Hi,
How can you distinguish delimiter semi colons from others?
If there is a regularity - e.g. delimiter semi colons are always followed by a white space and non-delimiters are not, I think it's possible to create an FME workspace to clean up them.
Otherwise it's difficult to automate completely. Some manual operations might be necessary, for example: Read the data with the TEXT reader line by line. Split every line with semi colons, count the number of columns. Save correct records and failed records separately. Correct failed records manually. Read again and merge them, then save them into the final destination dataset.
Takashi
Hi,
it's difficult to tell without having seen the CSV file in question, but as has been said, it is not trivial to separate content from delimiters if there are no other distinguishing features between them.

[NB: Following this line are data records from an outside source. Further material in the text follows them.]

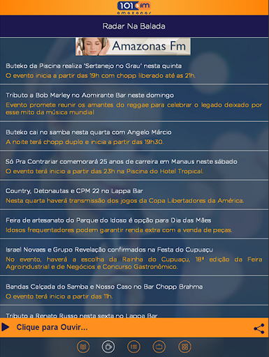No aplicativo da Rádio Amazonas FM você ouve ao vivo os programas da emissora, além das principais notícias do dia, agenda cultural, resenha de novelas e informações das celebridades.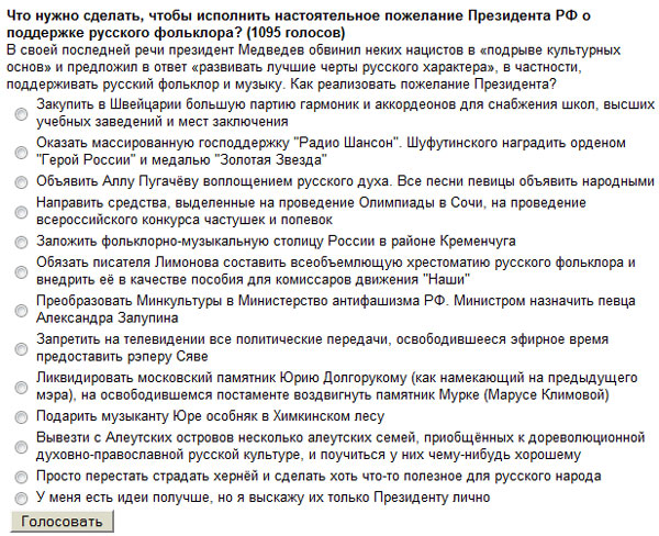 На сайте "АПН" проводят интересный опрос: "Что нужно сделать, чтобы исполнить настоятельное пожелание Президента РФ о поддержке русского фольклора?" Опрос на главной в самом низу, варианты ответов - впечатляют.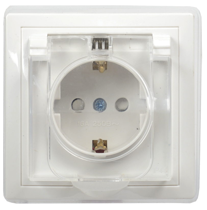 Наименование: KVARTA Розетка с заземлением с защитными шторками с крышкой IP44 16А кер РСбш10-3-ККБ-44 белый IEK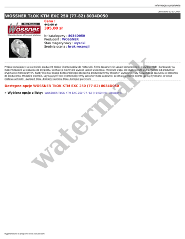 Informacje o produkcie Utworzono 02-03-2017 WOSSNER TŁOK KTM EXC 250 (77-82) 8034D050 Cena : 449,00 zł 395,00 zł Nr katalogowy : 8034D050 Producent : WOSSNER Stan magazynowy : wysoki Średnia ocena : brak recenzji er m ar k Prężnie rozwijający się niemiecki producent tłoków i korbowodów do motocykli. Firma Wossner nie uznaje kompromisów, wszystkie tłoki i korbowody są modernizowane w stosunku do oryginału. Cechuje je niezwykle wysoka jakość wykonania, mniejsza waga, ale dużo wyższa wytrzymałość od produktów oryginalnie montowanych. Każdy kto miał okazję bezpośredniego obejrzenia produktów firmy Wossner, wyrażał wyrazy najwyższego szacunku w stosunku do producenta. Mnóstwo klientów, używających tłoki i korbowody firmy Wossner może zapewnić, że działają równie dobrze jak są wykonane. W skład zestawu wchodzi: -Sworzeń tłoka -Blokady sworznia tłoka -Komplet pierścieni Dostępne opcje WOSSNER TŁOK KTM EXC 250 (77-82) 8034D050 w at » Wybierz opcje z listy: WOSSNER TŁOK KTM EXC 250 '77-'82 (+0,50MM) - dostępny. Wygenerowano w programie www.oscGold.com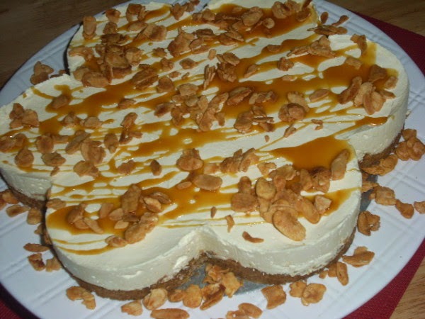 نفرغ الخليط على البسكويت نبسطه و ندخله الى الثلاجة لمدة ليلة كاملة عند التقديم نزينه بالكراميل و اللوز محمر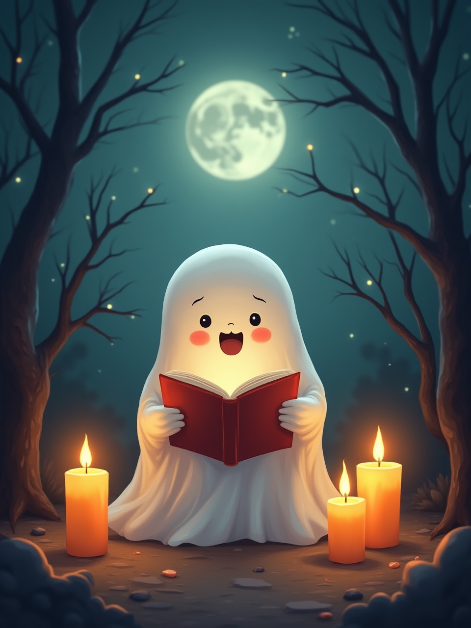 A cute ghost holds a book while sitting among candles at night, surrounded by dark trees and a bright full moon in the background.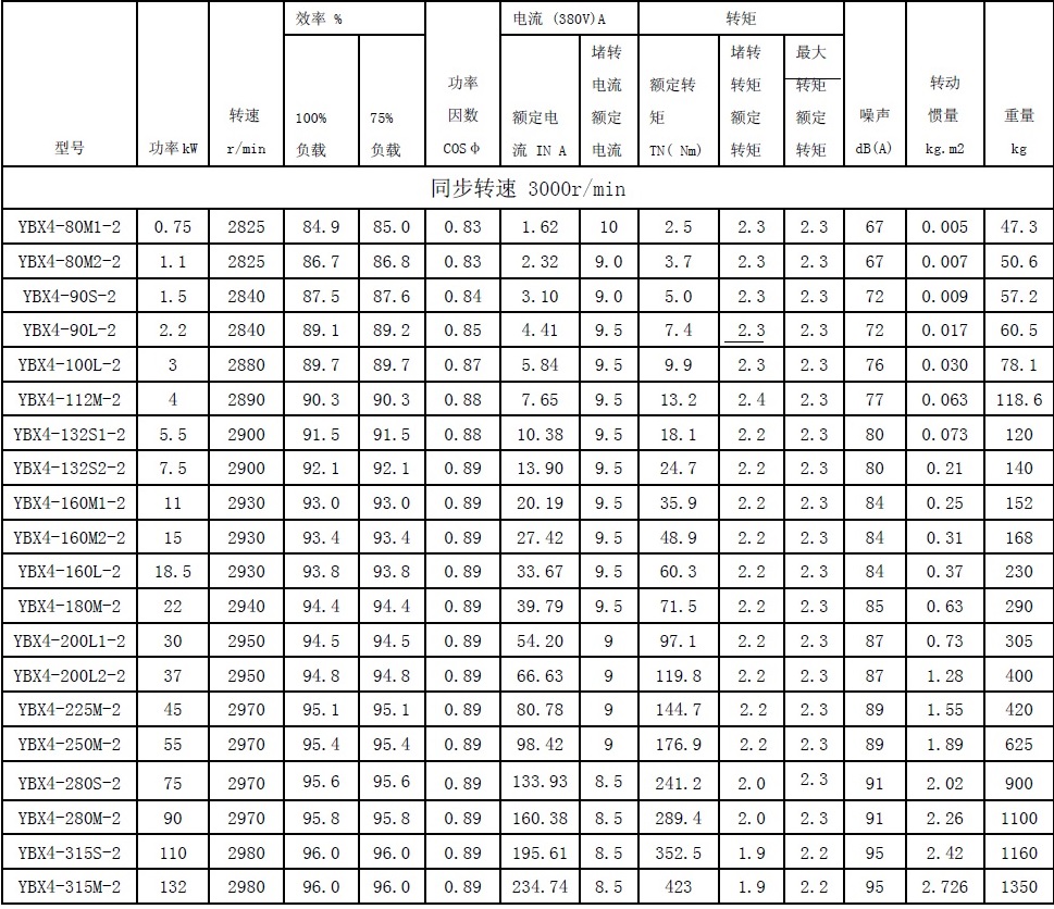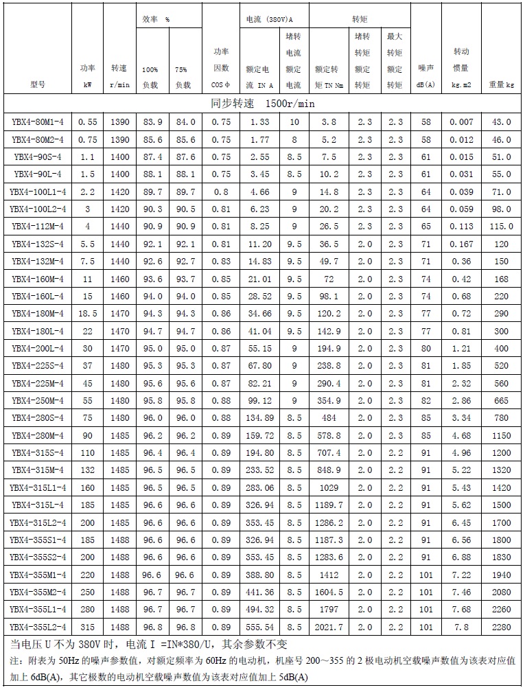 YBX4 系列電動機(jī)為我公司自主研發(fā)推出的全封閉、自扇冷、鼠籠式高效率隔爆型三相異步電動機(jī)。效率指標(biāo)符合 GB18613-2012《中小型三相異步電動機(jī)能效限定值及能效等級》中的能效等級 1 級,且具有性能優(yōu)良,使用安全可靠,振動、噪聲比同類產(chǎn)品低的特點,符合環(huán)保要求。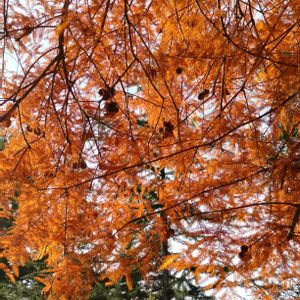 おはようございます😊 いつもありがとうございます♡ いつもの散歩道🚶♀️🚶♀️🚶♀️ 公園の風景 ラクウショウの紅葉が鮮やかでした🍁🍁🍁 2025.12.5 📷️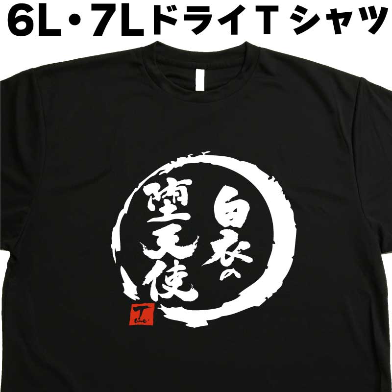 白衣の堕天使 (デザイン書道) 6L 7L Tシャツ 大きい服 大きいtシャツ 大きいサイズ メンズ レディース 半袖 グリマー glimmer ドライTシャツ 吸汗 速乾 おもしろTシャツ 面白いTシャツ オリジナルTシャツ ビッグサイズ ビッグTシャツ 黒 ポリエステル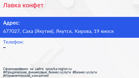 Лавка конфет по адресу 677027, Саха (Якутия), Якутск, Кирова, 19 киоск в дальнейшем Организация, размещена в следующих категориях: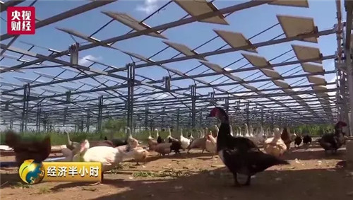 光伏板可以遮陽(yáng),讓沙漠里的水分減少損失,養(yǎng)殖的家禽。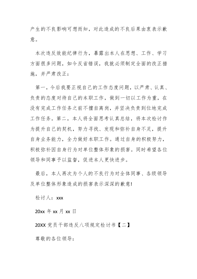 20Xx党员干部违反八项规定检讨书为大家整理了20Xx党员干部违反八项规定检讨书范文,欢迎阅读参考。20XX党员干部违反八项规定检讨书【一】尊敬的领导、各位同事:郴paidbegin#今天,我满怀愧疚和懊悔写下这份检讨书,以表达我对违反机关管理制度的忏悔之心。对因我个人行为给单位领导和同事造成的困扰,深感抱歉。【更多公文素材,微信:dada wk01】首先,本次违反效能纪律的行为根源于自身思想浮躁、作风浮躁、纪律意识淡薄,未能真正树立责任意识、集体意识、群众观点,未能恪守机关管理制度和工作纪律。由于平时疏于对效能建设相关文件学习,思想上对机关效能建设未能认识到位,直接导致行动上不能跟进,以至于虽然自身在日常工作中已有违反效能建设要求和工作纪律的行为,却没有发现和认识到事情的严重性,最终导致在此次集体活动中出现大问题。这与本人效能建设思想认识不到位以及疏于效能知识学习有密不可分的关系,本人将认真补习相关知识,提升思想认识,恪守工作纪律,杜绝类似行为的出现。【更多公文素材,微信:dadawk01】其次,本次违反效能纪律的行为反映出本人个人自制力较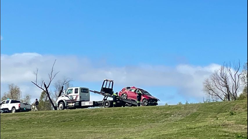 Officials say the vehicle exited the roadway and traveled up the levee. Once it reached the top of the levee it went airborne and landed at the bottom of the levee.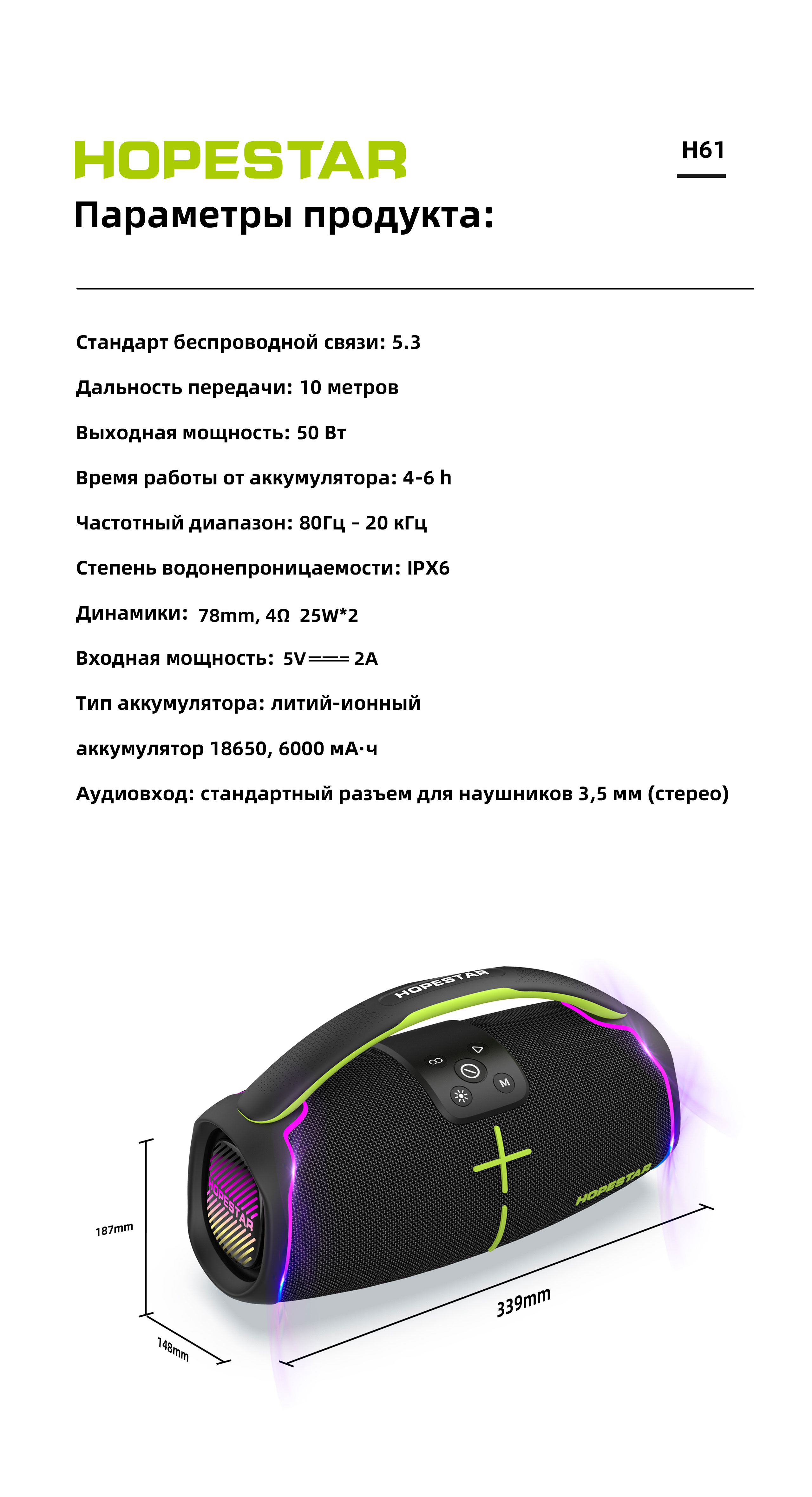 - Время воспроизведения: 4–6 часов

You could, however, try and replace the CSV reader with a PythonCreator and the script
found here. It will use the Python "csv" module that is somewhat more robust than the CSV reader in FME.
David
Hi, sorry I haven't replied yet - have had a small vacation too.
I'll test your different approaches. For my (at the moment) limited data set of 500K post, there seems to be only one failing entity (of some posts), so I'll surely be able to fix that. However, this would be a returning and updated data set (AIS-shiptracks from satellit monitoring).
I believe I can do Takashi's approach resonable easily, thanks.
But I'll also try David's PythonCreator - I have a personal goal to get more into tools like Python.
Hi again,
I received a new similar data set recently and tried a different approach using regex (.*;){21} - to find lines with more than 20 semi colons - as a simple solution inside a StringSearcher.
Found at Stackoverflow
http://stackoverflow.com/questions/14774559/with-regex-finding-lines-containing-more-than-n-semi-colons
Karl